When I was 18, my mother used to say, "Learn to make a perfect roti. What are you going to do in susral(in-laws)." Ten years later, I still have to master the art of making the perfect round roti. Don't get me wrong. It is not like I don't make roti. I have been making roti since the last ten years but all of my efforts are in vain. The roti ends up looking like different maps of the world.
A perfect roti should be soft, thin, round and puffed up. Somehow, my roti either gets burnt or remains partially uncooked. I love to cook for my family. I'm not bragging or anything. Everyone in the family simply loves my food. I am always getting requests for haleem, qorma, biryani, piloa etc. For someone who cooks a lot, not being able to make a perfect roti hurts.
My mother taught me to make bal-wala paratha with layers. However, my in-laws eat square parathas, which I learnt to make after I got married. I don't know why mothers bother to teach us so many ways to cook different things. Believe me, everything in susral will be done in exactly the opposite way. My mother would pull tawa to place roti directly above the fire to puff it up. In susral, the rule is to press a cloth on roti to puff it up. My point has been made.
The kids always find different ways to increase my workload. They want to eat chini(sugar) wala paratha, aloo(potato) wala paratha and moli(radish) wala paratha. Then there comes the different sizes.
"I want to eat a paratha shaped like a moon"
"I want a star paratha"
"It should be rectangle or flower"
They go nuts for different shaped parathas. I can not even make a normal round roti, how am I supposed to make different shaped parathas. I don’t know how they manage to get these things into their heads. It's probably from watching too many cartoons. I never caused this much trouble for my mother! At least I don't remember doing much.
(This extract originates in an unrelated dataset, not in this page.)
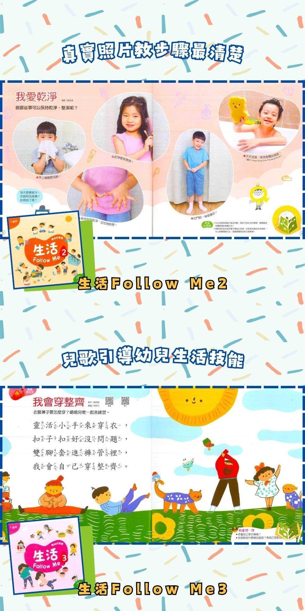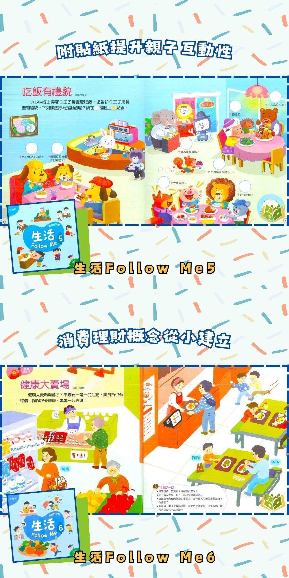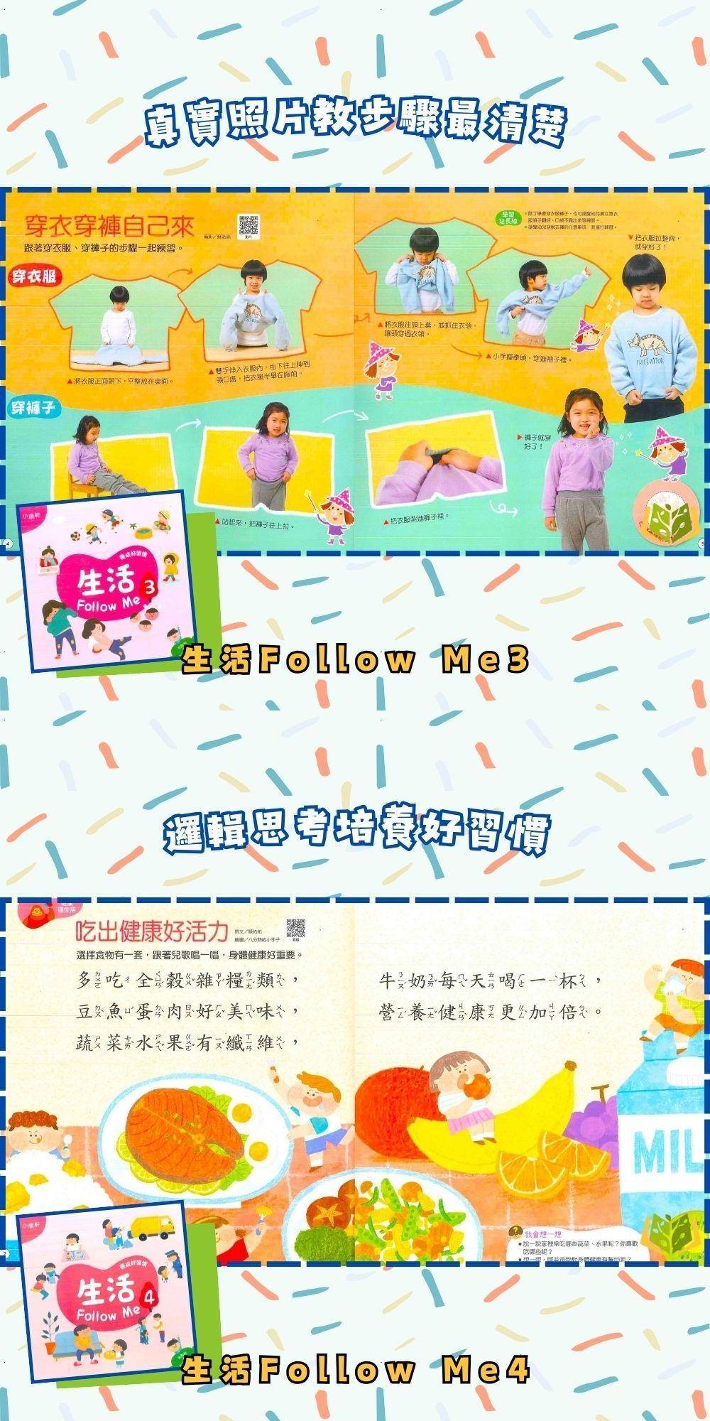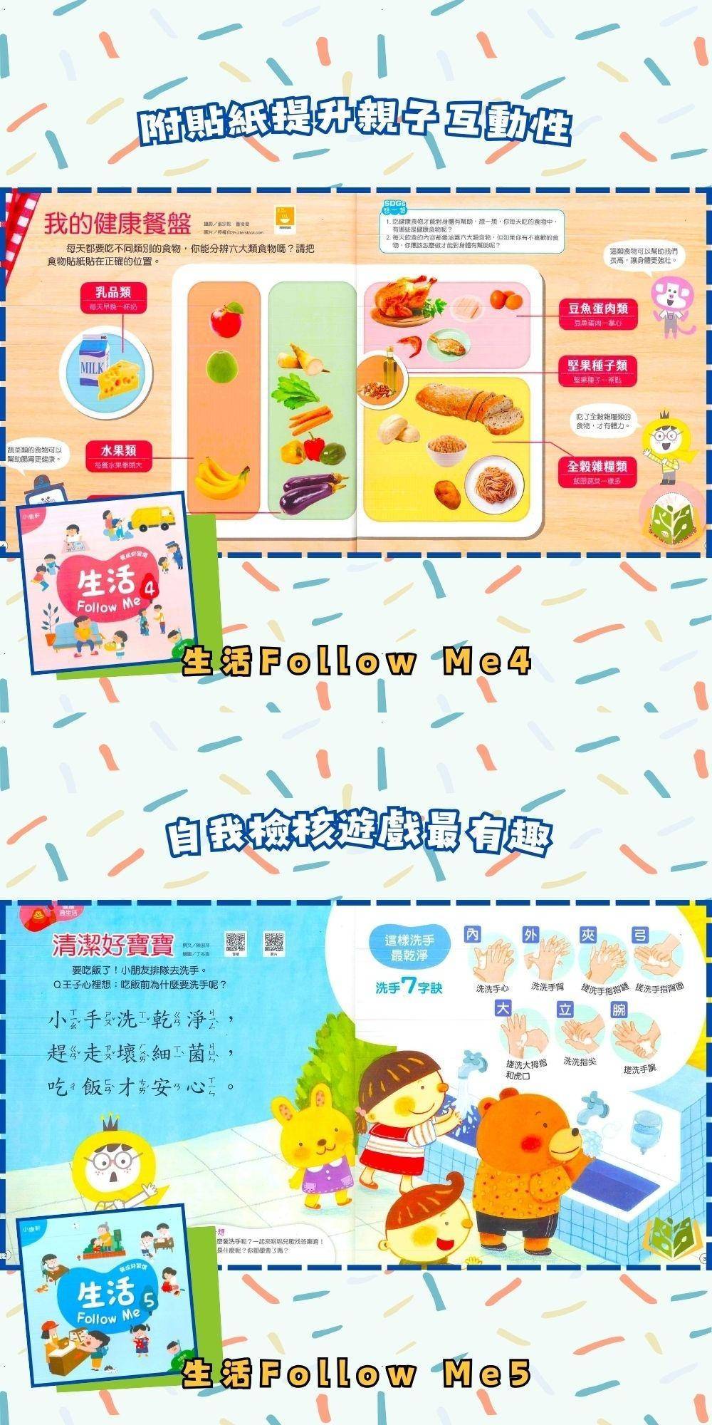🔸內頁搭配貼紙,幫助幼兒複習與檢核學過的概念和知能,吝提供生活自理影片

A few days ago, I asked my husband to buy a roti maker. I can't make roti for breakfast, lunch and dinner. We even bought one. I was delighted that now, I would not have to engage in the troublesome task of making roti. I placed a ball of dough in the roti maker and waited for the magical roti maker to do its work. The result was quite unexpected. The roti was thick, raw and not at all puffed up. So much for the magical roti maker. I really want to sue the company and demand my money back.
"We are not eating these!" my husband told me, "Go! And make your Australian map roti, those are better than these."
So, I had to march straight to the kitchen again for another batch of roti.